ASSIGNMENT:
Look below for the line containing "宣讲结束后,宣讲队的同学们采" and the line containing "Ниже Вы можете", then set down both and every line between them exactly, without pictures.

TASK MATERIAL:
# # # # # # #

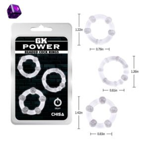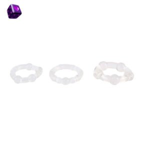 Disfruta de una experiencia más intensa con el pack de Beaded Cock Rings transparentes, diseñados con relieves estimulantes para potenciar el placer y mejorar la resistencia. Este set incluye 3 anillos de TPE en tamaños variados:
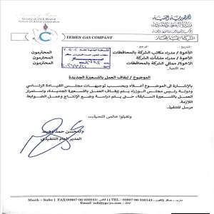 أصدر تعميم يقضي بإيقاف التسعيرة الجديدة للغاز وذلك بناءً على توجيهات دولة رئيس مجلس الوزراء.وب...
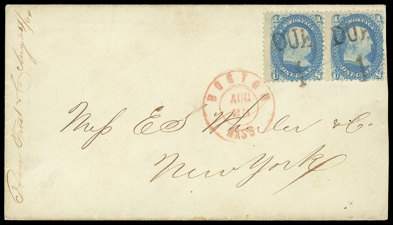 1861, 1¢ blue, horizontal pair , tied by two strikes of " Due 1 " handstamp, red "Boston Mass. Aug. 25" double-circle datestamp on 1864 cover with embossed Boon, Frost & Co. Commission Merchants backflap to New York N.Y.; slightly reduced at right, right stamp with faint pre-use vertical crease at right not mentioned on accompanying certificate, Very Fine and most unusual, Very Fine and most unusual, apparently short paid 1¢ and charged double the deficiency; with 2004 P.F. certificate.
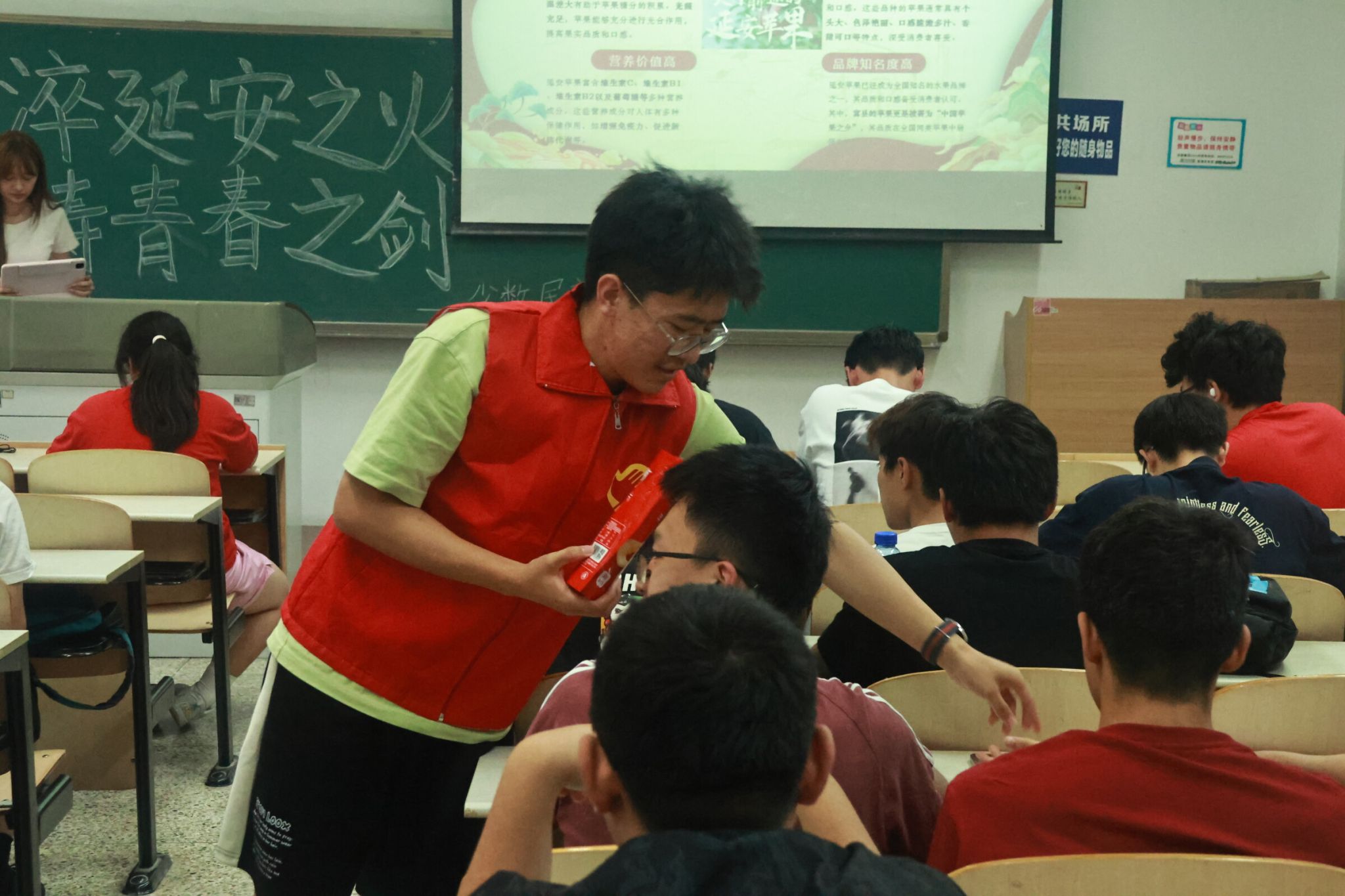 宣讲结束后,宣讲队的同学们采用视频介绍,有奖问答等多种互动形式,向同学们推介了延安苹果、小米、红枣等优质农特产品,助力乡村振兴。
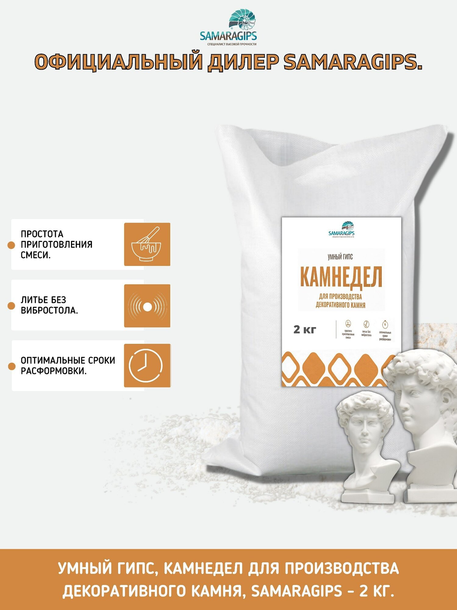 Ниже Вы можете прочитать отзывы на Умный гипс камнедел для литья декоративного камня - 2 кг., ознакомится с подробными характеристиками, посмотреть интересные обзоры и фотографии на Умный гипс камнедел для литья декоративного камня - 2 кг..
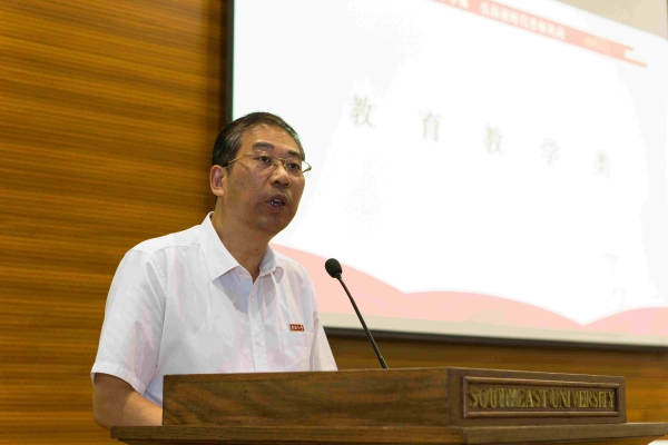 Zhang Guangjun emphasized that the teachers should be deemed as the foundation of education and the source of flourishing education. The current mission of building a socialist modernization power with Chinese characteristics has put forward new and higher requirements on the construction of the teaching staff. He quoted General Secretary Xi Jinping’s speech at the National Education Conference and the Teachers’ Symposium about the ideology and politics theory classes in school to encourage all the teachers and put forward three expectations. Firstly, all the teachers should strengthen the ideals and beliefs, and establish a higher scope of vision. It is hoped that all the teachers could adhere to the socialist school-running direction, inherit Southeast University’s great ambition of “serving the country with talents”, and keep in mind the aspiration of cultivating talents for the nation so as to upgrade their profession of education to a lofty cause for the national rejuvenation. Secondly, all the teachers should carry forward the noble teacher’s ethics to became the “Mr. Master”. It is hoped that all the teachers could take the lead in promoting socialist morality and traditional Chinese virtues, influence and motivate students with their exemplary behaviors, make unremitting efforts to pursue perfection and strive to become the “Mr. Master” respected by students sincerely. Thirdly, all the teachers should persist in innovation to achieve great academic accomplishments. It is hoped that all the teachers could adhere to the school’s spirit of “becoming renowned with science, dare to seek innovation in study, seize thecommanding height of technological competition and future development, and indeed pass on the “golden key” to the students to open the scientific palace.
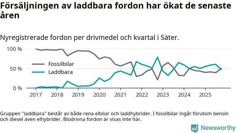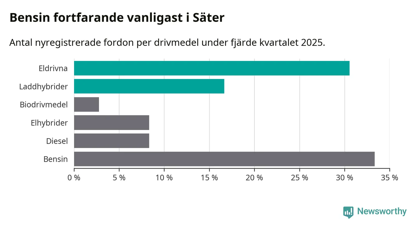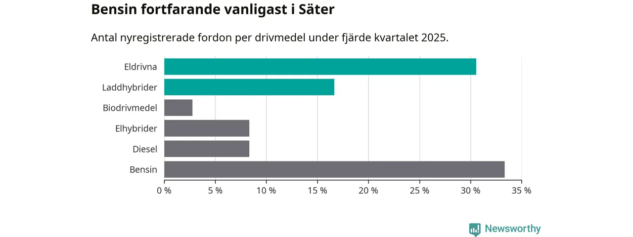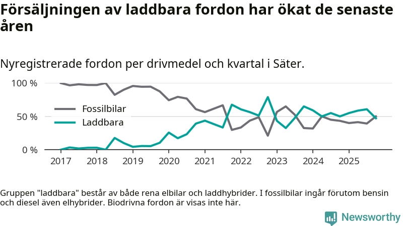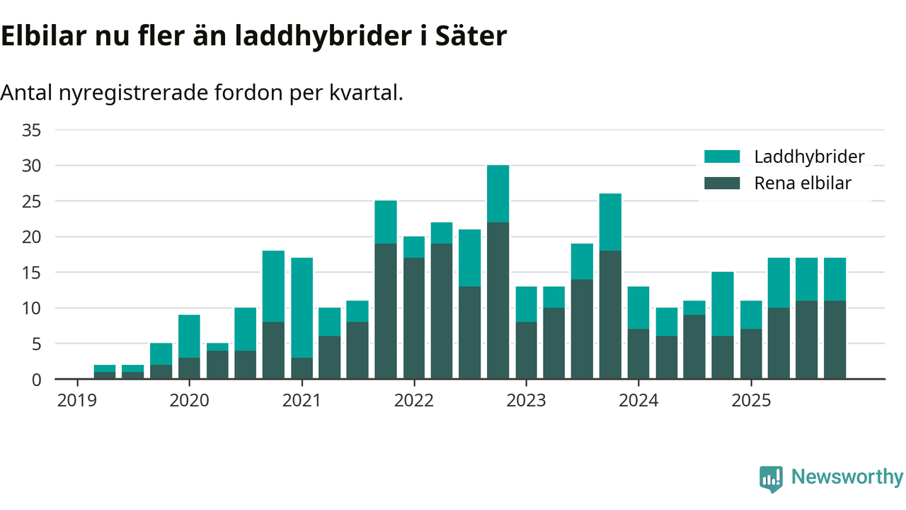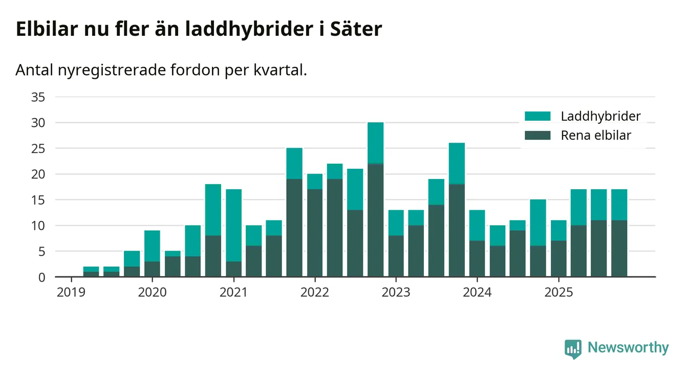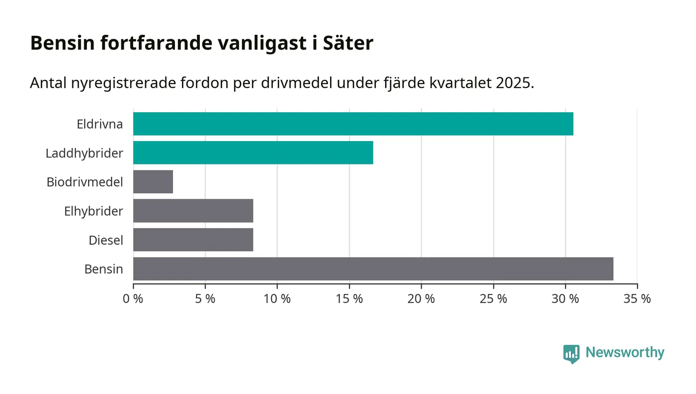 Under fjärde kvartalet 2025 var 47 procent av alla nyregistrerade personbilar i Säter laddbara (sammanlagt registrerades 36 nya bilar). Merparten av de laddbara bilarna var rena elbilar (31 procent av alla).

# # # # # # #

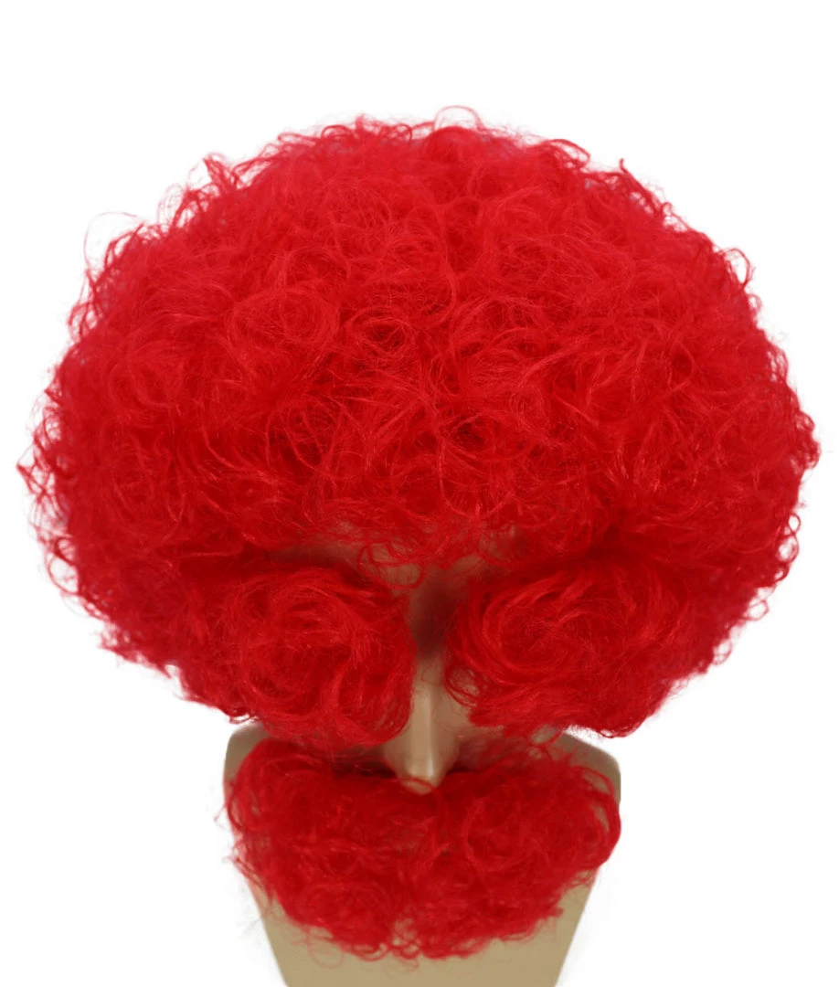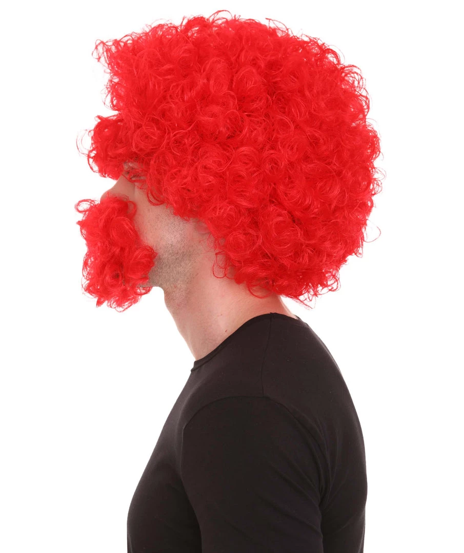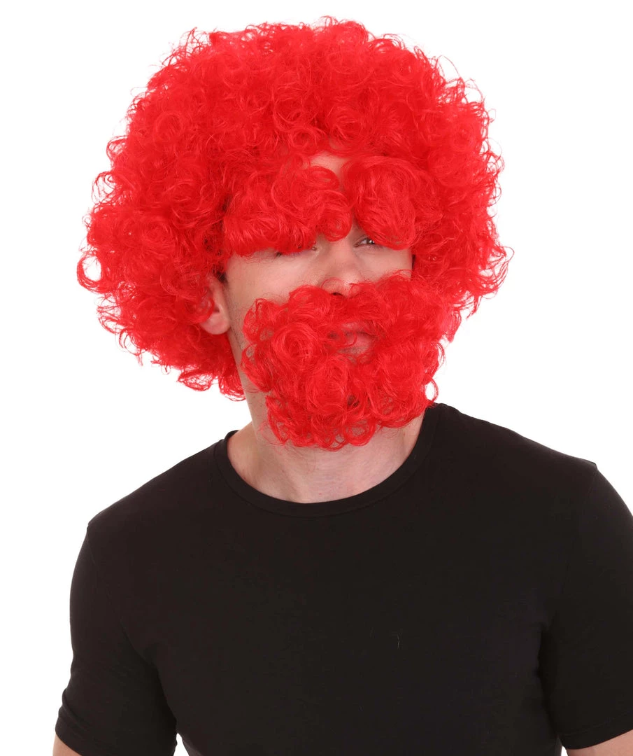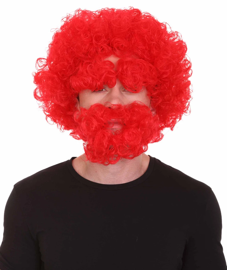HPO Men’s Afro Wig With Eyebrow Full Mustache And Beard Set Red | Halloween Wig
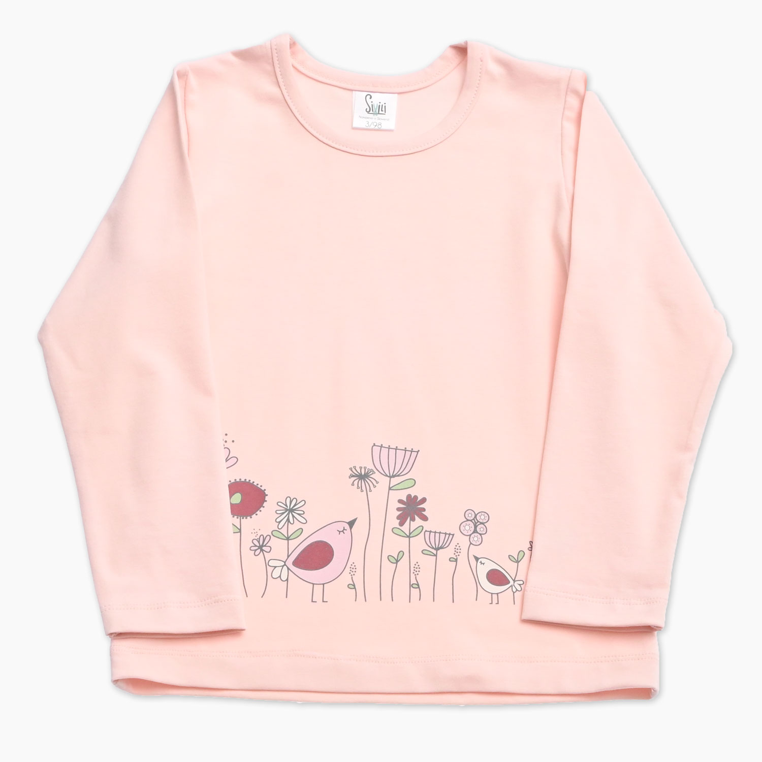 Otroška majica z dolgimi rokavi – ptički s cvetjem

# # # # # # #

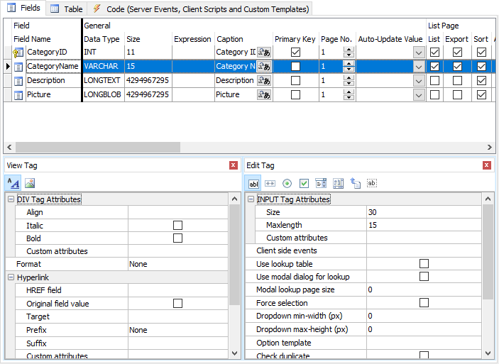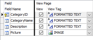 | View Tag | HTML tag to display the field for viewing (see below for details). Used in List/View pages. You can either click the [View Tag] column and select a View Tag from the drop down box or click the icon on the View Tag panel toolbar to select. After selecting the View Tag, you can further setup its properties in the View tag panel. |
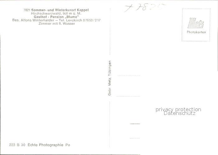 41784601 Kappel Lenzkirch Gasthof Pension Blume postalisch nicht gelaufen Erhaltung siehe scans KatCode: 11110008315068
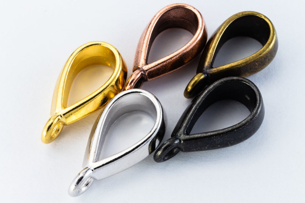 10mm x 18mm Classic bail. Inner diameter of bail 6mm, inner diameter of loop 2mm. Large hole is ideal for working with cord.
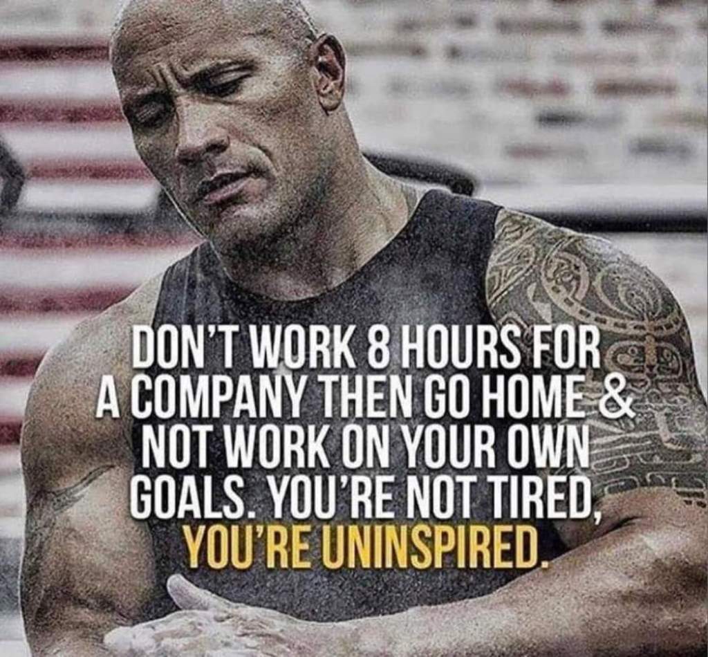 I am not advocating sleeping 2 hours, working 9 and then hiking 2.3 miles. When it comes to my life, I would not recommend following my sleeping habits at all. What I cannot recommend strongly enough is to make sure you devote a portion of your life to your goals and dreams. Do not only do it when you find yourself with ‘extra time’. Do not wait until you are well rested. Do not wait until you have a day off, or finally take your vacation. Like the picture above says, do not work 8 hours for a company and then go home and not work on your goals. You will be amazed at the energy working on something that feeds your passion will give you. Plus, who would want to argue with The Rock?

# # # # # # #

REPLY TO THE EXERCISE:
 宣讲结束后,宣讲队的同学们采用视频介绍,有奖问答等多种互动形式,向同学们推介了延安苹果、小米、红枣等优质农特产品,助力乡村振兴。
 Ниже Вы можете прочитать отзывы на Умный гипс камнедел для литья декоративного камня - 2 кг., ознакомится с подробными характеристиками, посмотреть интересные обзоры и фотографии на Умный гипс камнедел для литья декоративного камня - 2 кг..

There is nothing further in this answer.